Tjan-Heijnen Vivianne C G, Lammers Senna W M, Geurts Sandra M E, Vriens Ingeborg J H, Swinkels Astrid C P, Smorenburg Carolien H, van der Sangen Maurice J C, Kroep Judith R, de Graaf Hiltje, Honkoop Aafke H, Erdkamp Frans L G, de Roos Wilfred K, Linn Sabine C, Imholz Alexander L T
Department of Medical Oncology, Maastricht University Medical Centre, GROW, Maastricht University, Maastricht, the Netherlands.
Clinical Research Department, Netherlands Comprehensive Cancer Organisation (IKNL), Nijmegen, the Netherlands.

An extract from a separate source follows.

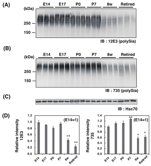 SDS–PAGE/Western blot analysis of polySia–NCAM derived from mouse brains at different developmental stages. PolySia expression at different brain development stages (E14, E17, P0, P7, 8 w, and retired, n = 3) was analyzed by SDS–PAGE/Western blotting. The brain homogenates were separated by SDS–PAGE (7% polyacrylamide gel) and blotted onto polyvinylidene difluoride (PVDF) membrane (10 μg as protein/lane). The polySia–NCAM was visualized by anti-polySia antibodies, (A) 12E3, and (B) 735. An anti-HSC70 blot was also used as the control (C). (D) The left panel shows the relative intensity of immunostaining of the 12E3 antibody. The right panel shows the relative intensity of the 735 antibody. E14 staining was set to 1.0. * p < 0.05. ** p < 0.01.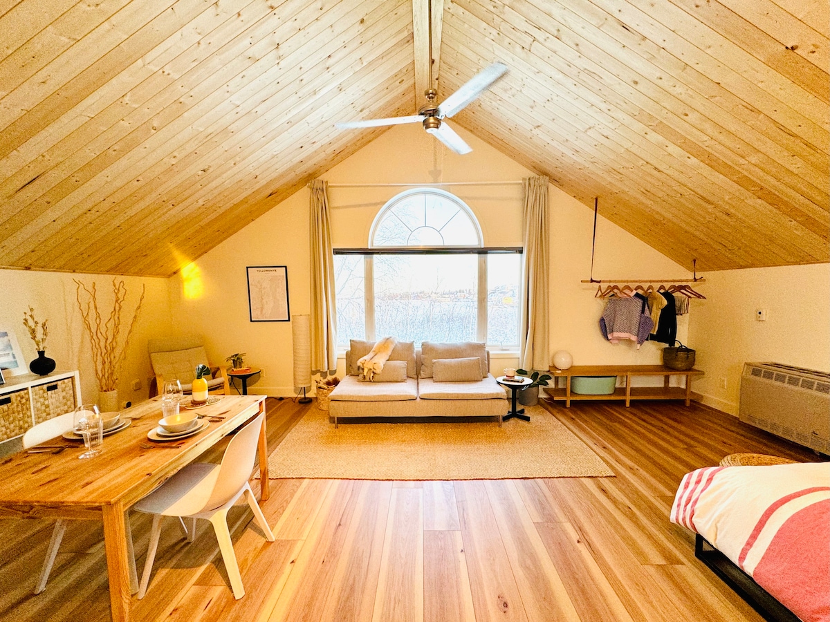 Bienvenido a nuestro apartamento único y encantador ubicado dentro de una casa hecha a mano por un ingeniero civil experto en la pintoresca ciudad de Yellowknife, Territorios del Noroeste. Situado cerca del tranquilo lago Niven, este alojamiento ofrece una mezcla perfecta de comodidad, belleza natural y fácil acceso a la fascinante naturaleza donde puedes presenciar las encantadoras luces del norte.

EClinicalMedicine. 2023 Mar 20;58:101901. doi: 10.1016/j.eclinm.2023.101901. eCollection 2023 Apr.
The DATA study evaluated the use of two different durations of anastrozole in patients with hormone receptor-positive breast cancer who were disease-free after 2-3 years of tamoxifen. We hereby present the follow-up analysis, which was performed after all patients reached a minimum follow-up of 10 years beyond treatment divergence.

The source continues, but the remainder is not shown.